Saturday, August 05, 2006

The "overblown" culture war sure feels real out here

By Diane Silver

A study released this week by the Pew Forum on Religion and Public Life is fueling speculation that the culture war is "overblown" and not, well, as warlike as some of us think.

I found the study's results to be simultaneously hopeful and depressing. It should be read by everyone interested in cultural issues. However, I don't see that it means that cultural bombs aren't being hurled and that people and their rights aren't suffering wounds or even worse. At the very least, that doesn't match my experience out here in the Heartland.

Reuters reports:

On five prominent social issues -- abortion rights, stem cell research, gay marriage, adoption of children by gay couples, and availability of the "morning-after" pill -- most Americans did not take consistent stances.

Just 12 percent took the conservative position on all five issues, while 22 percent took the opposite stance on all five. The bulk of Americans had mixed opinions.

On the subject of gay unions, 56 percent opposed giving gays the right to marry, but 53 percent favored allowing gays to enter into legal agreements that provide many of the same rights as married couples
The Pew Forum notes of its findings:
Americans cannot be easily characterized as conservative or liberal on today's most pressing social questions. The public's point of view varies from issue to issue. They are conservative in opposing gay marriage and gay adoption, liberal in favoring embryonic stem cell research and a little of both on abortion. Along with favoring no clear ideological approach to most social issues, the public expresses a desire for a middle ground on the most divisive social concern of the day: abortion.

Together, the results of the latest national survey by the Pew Research Center for the People & the Press and Pew Forum on Religion & Public Life suggest that the public remains reluctant to move too far from current policies and practices on many key social policy questions.
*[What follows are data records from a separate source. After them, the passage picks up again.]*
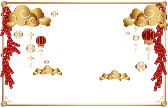 Chinese new year frame with lanterns clouds and tassels on transparent background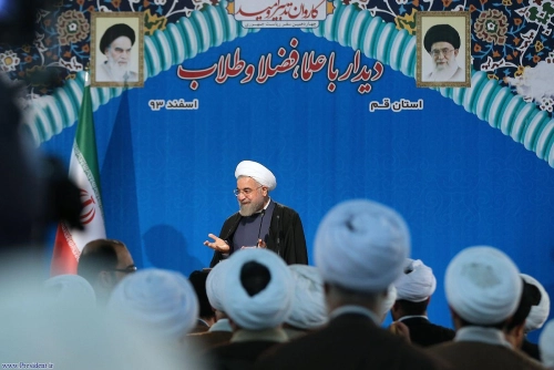 رییس جمهوری در جمع علما، فضلا و طلاب استان قم با تاکید بر اینکه حوزه علمیه باید برای حل مشکلات کشور، تحقیق و نظریه پردازی کند، گفت: امروز برای اداره کشور صدها مساله مهم داریم که شما علما، فضلا و طلاب حوزه علمیه باید برای حل آنها نظریه پردازی کنید.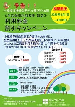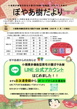 ぼやあ樹だより@2026年2月号 2月の広報誌が完成致しました。 小規模多機能型居宅介護 ぼやあ樹のLINE公式アカウントを開設しました。 ぜひ、お気軽にご登録ください。 次回予告、当社独自の生活保護受給者の方を限定とした 【利用料金 割引キャンペーン】を実施する予定です!! 広報誌「ぼやあ樹だより」 生保キャンペーン予告 3・4月 今月も、ご利用に関わるみなさんの「希望をカタチに」すべく、 スタッフ一同、日々邁進してまいります。 entry2386ツイート entry2386シェアする entry2386送る

Despite talk of "culture wars" and the high visibility of activist groups on both sides of the cultural divide, there has been no polarization of the public into liberal and conservative camps.
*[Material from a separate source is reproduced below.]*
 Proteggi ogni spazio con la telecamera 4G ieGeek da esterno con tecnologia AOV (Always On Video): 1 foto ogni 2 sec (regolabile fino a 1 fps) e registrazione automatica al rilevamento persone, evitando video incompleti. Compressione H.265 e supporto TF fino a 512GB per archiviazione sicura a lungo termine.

What does seem clear is that the armies on both sides of the cultural divide aren't as large as previously thought. Most people appear to be standing on the sidelines and to be unwilling to sign up to seve with either side.

To imply that there isn't a battle, though, is to ignore the very real suffering of lesbians and gays and many other Americans. Every time the cultural warriors on the right curtail and block our ability to be treated fairly under the law, our children are hurt, and we are hurt.

Also, to argue that this study shows there isn't a culture war is to pull people's attention in the wrong direction. This is a fascinating study. It has much to say about how people really think. Let's take a look at what the numbers really say and ignore those who might argue that despite the blood and despair, there really isn't a battle going on.